JAMA Dermatol; ePub 2016 Aug 10; Chen, et al

A claims-based algorithm for identifying keratinocyte carcinoma (KC) with high sensitivity and specificity offers a reliable mechanism for ascertaining KC for epidemiological research in the absence of cancer registry data, a recent study found. These findings also demonstrate the value of recursive partitioning in deriving valid claims-based algorithms. Researchers conducted an 18-year retrospective study using population-based administrative databases linked to 602,371 pathology episodes from a community laboratory for adults. They found:

• Among total pathology episodes, 131,562 (21.8%) had a diagnosis of KC.

• The final derived algorithm outperformed the 5 simple pre-specified algorithms and performed well in both community and hospital data sets in terms of sensitivity (82.6% and 84.9%, respectively), specificity (93.0% and 99.0%, respectively), positive predictive value (76.7% and 69.2, respectively), and negative predictive value (95.0% and 99.6%, respectively).

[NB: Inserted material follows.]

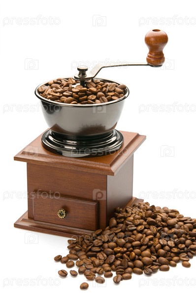 Кофемолка на белом фоне

• Algorithm performance did not vary substantially during the 18-year period.

Citation:

Chan AW, Fung K, Tran JM, et al. Application of recursive partitioning to derive and validate a claims-based algorithm for identifying keratinocyte carcinoma (nonmelanoma skin cancer). [Published online ahead of print August 31, 2016]. JAMA Dermatol. doi:10.1001/jamadermatol.2016.2609.